Surgical management of hepatolithiasis: an institutional experience of a rare disease

2021 ◽  
Vol 8 (3) ◽  
pp. 1016
Author(s):  
Nikolaos Kokoroskos ◽  
Konstantinos Alifieris ◽  
Loukas Agorgianitis ◽  
Sotirios Zouglos ◽  
Spyridon Delis

Hepatolithiasis remains as a rare condition in the majority of western world countries. Although genetic, dietary and environmental factors have been associated with the disease, the exact etiology of this entity remains elusive. Several approaches; surgical and non-invasive have been well described. However, surgery remains the standard of care for definitive treatment of the disease. We sought to present the recent experience of our clinic regarding the surgical management of hepatolithiasis in the backgound of a narrative literature review. All adult patients with hepatolithiasis admitted to our center during the period 2018 to 2020 were included in the study.

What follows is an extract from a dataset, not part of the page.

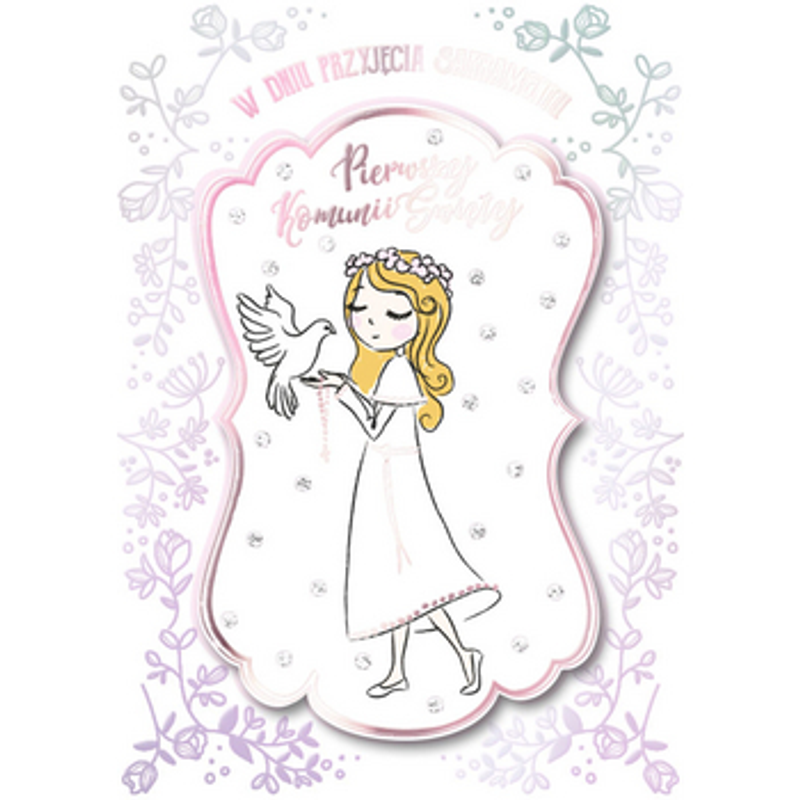 Karnet DK-726 Komunia Kartka B6 z ozdobnej serii Dream Cards na Komunię - nieduża, ale robi wrażenie dzięki atrakcyjnej kolorystyce i ciekawym zdobieniom. To idealny wybór łączący przyjazną cenę z jakością. Cechy szczególne: wielkość: B6, 16.6 x 11.7 cm po złożeniu, koperta: w zestawie, biała zdobienia: różnorodne, bogate (w zależności od wzoru: przyklejane dekoracje, elementy biżuteryjne, odstawniki, metaliczne folie, tłoczenia itp.), okazja: Komunia

Patients’ demographics, comorbidities and preoperative characteristics were collected by chart review. All patients underwent open left lateral hepatectomy. Three cases with hepatolithiasis were identified. All of them were male and had been suffering from recurrent pyogenic cholangitis. All patients remained asymptomatic and disease-free through the entire follow-up, except one case that was complicated with bile leakage during the immediate postoperative period. Hepatolithiasis is currently a rare condition in the western world. Surgery is safe and effective treatment approach for refractory cases and, provided that it is performed by experts in hepatobiliary surgery, it remains imperative for the definitive treatment of the disease.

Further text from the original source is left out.